Canadians offered 18-month parental leave: Can you afford it?

In the Liberal Government’s newly released 2017 budget, parental leave has been extended from 12 to 18 months. This actually has both benefits and pitfalls for parents.

With this new policy, parents won’t receive any more money from employment insurance, but they have the option of stretching their existing payout over a longer period of time. So, while EI benefits would pay 55 per cent of your salary over 12 months of parental leave, Canadians now have the choice of taking 33 per cent over 18 months instead. And there’s a cap. The maximum payout is $543 per week over 12 months. Stretching your leave to 18 months means you would receive a maximum of $362 a week.

One of the benefits of this is that it can help parents with the issue of finding affordable daycare. Obviously the longer a parent stays home with their new baby, the less time the child will spend in daycare. Also – my wife and I went through this search just a few years ago – daycare is much more expensive and hard to find for children under 18 months of age.

Of course, one of the drawbacks to 18 months of paternity leave is that few people can live off merely 33 per cent of their salary. Taking two-thirds off your paycheque would often be a bigger financial hit than the cost of daycare. So, it remains to be seen how many families will be able to afford taking advantage of this new policy.

Some employers do offer top-up benefits to add to what new parents receive from EI, but will they extend these over an extra six months? Companies are going to have to decide what effect these new extended periods of leave will have on such policies.

The impact on businesses is another potential pitfall with parents taking a year and a half off work. Companies must protect new parents’ jobs while they’re on leave, but 18 months is a long time to be off work. Recent studies have shown that the average tenure in any one job for most Canadians is just under two years.

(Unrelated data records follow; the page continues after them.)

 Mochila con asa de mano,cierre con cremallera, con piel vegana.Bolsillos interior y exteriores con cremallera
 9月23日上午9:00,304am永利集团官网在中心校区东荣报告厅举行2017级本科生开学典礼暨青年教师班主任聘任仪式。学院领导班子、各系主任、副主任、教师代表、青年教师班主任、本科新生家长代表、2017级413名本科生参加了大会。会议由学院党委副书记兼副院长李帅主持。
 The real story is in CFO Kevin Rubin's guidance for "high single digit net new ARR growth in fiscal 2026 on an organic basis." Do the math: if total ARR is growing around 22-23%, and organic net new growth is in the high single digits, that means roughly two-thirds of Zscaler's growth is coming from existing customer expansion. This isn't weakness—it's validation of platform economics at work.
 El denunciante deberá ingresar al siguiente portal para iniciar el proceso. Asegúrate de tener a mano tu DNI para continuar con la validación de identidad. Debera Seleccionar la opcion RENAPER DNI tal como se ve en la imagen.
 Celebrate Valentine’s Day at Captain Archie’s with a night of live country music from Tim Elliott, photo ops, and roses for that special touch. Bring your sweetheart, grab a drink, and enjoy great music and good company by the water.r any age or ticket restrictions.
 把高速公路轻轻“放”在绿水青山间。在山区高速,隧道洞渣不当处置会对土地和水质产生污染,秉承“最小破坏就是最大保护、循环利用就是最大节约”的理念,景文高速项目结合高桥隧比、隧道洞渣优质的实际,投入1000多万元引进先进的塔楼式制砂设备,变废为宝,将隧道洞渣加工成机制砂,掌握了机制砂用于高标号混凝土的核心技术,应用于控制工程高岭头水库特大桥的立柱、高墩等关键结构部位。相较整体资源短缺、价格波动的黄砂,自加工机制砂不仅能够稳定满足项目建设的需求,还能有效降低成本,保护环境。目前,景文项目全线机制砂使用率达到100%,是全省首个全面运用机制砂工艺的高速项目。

That means that a person could find themselves returning from parental leave to find a whole new team in place. That team would also likely be working on completely different projects with new targets and new technologies than they had when they left.

The business world moves that fast now, and companies making decisions based on hitting this quarter’s numbers or shifting departments for a six-month plan. Returning to your job after 18 months off will often be much more like starting a whole new job – requiring a fresh onboarding and training. This means that workers could see their careers set back due to the lack of skills development and could find themselves pushed to the back of the line for opportunities for advancement.

Of course, if you can afford it, and your career can endure the time away, the biggest benefit of all to an extended parental leave is that time you get to spend with your new baby. Those are moments you’ll never get back.